Il primo è che di fronte a una realtà impossibile, bisogna spingersi e cercare altre soluzioni, guardare oltre ogni limite. Il secondo è che la stessa politica deve spingersi a cercare soluzioni alternative, innovative, che tengano conto dei significati della rivoluzione siriana. I giochi politici russi ad Astana, Ginevra e in altre sedi, hanno sinora cercato solo di riabilitare il regime nonostante il genocidio, aggirando la necessità di una soluzione etica e giusta, basata su una pace sostenibile, in modo da prevenire che una grande guerra esploda a ogni nuova generazione.
Quanti sono e quali sono i nemici della giustizia, della pace e della democrazia in Siria?
Molti e potenti. Il primo è il regime dinastico e i suoi protettori, la Russia e l’Iran; in secondo luogo, ci sono le potenze straniere che occupano le terre siriane, come gli Usa e la Turchia, e prima di tutto Israele, che si comporta come una potenza coloniale con armi nucleari. In terzo luogo, gli islamisti, in particolare i salafiti, che esprimono il rifiuto della democrazia e il rifiuto di garantire giustizia e pace con il loro dominio.
Alla fine, abbiamo una triade di forze di discriminazione e tirannia, le cui interazioni sono modellate da quello che chiamo ordine mediorientale: i Paesi della tirannia che governano nei nostri Paesi, i poteri di controllo internazionale, inclusa la Russia, e l’assolutismo islamico, quelli che vogliono stabilire un’autorità religiosa senza restrizioni. Pertanto, la nostra lotta è complessa e radicale e non abbiamo partner tra le altre nazioni (a differenza del regime e degli islamisti). Siamo il proletariato politico del mondo e la nostra emancipazione è il più grande servizio alla lotta per la libertà e la pace nel mondo stesso.

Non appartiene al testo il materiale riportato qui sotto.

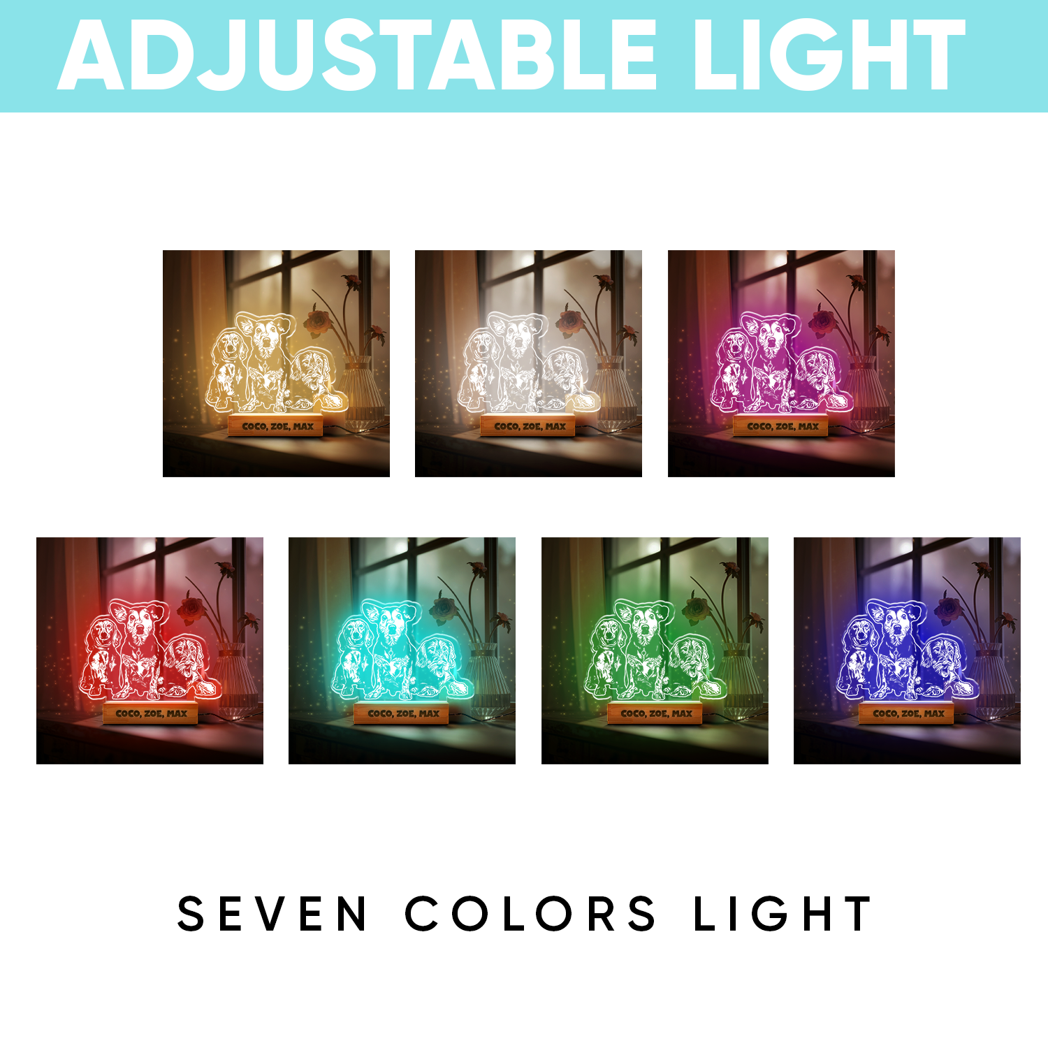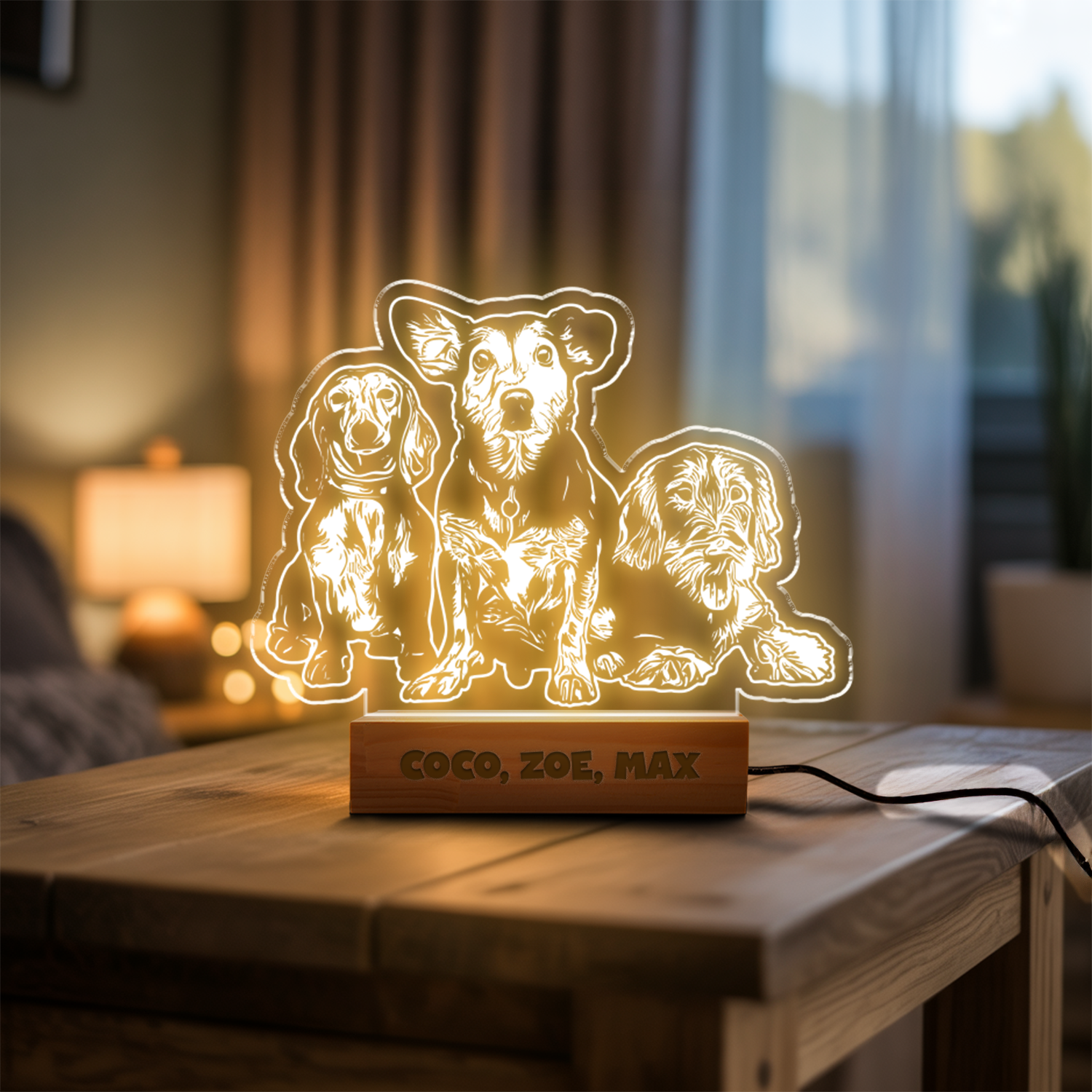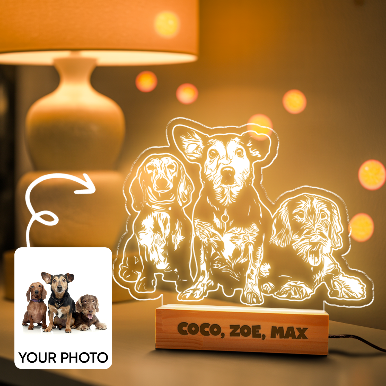 Custom Dog Portrait Night Light, Personalized Pet Lovers Gifts, Personalized Pet Memorial LED Night Light

Secondo lei, perché la tragedia siriana non ha scaldato i cuori dell’opinione pubblica mondiale? Perché la comunità internazionale ha permesso questo genocidio?
La struttura del mondo oggi è simile a quella della Siria sotto il regime di Assad: senza un’alternativa. È come se il mondo ruotasse su se stesso, in un presente eterno e stagnante e mancasse di una visione o di un progetto per rinnovare la sua giovinezza. Il mondo di oggi è conservatore, non un paladino della libertà e dell’uguaglianza, anche se le forze che lo influenzano amano dare questa impressione di se stesse. La democrazia è in crisi in Occidente e altrove, e la destra nazionalista e populista è in crescita. Questo mondo che ha adottato la guerra contro il terrorismo come una grande narrativa e ha identificato il terrorismo come il principale male politico, non riconosce i genocidi, al contrario, copre con la presunta lotta contro il terrorismo, i genocidi stessi e crea personaggi del calibro di Bashar al Assad, Putin e il regime degli ayatollah a Teheran quali partner di questa guerra senza fine, che mette sempre l’importanza delle questioni di sicurezza al di sopra delle questioni della politica e del diritto.
Che contributo hanno dato e continuano a dare gli intellettuali siriani nel raccontare la tragedia delle vittime?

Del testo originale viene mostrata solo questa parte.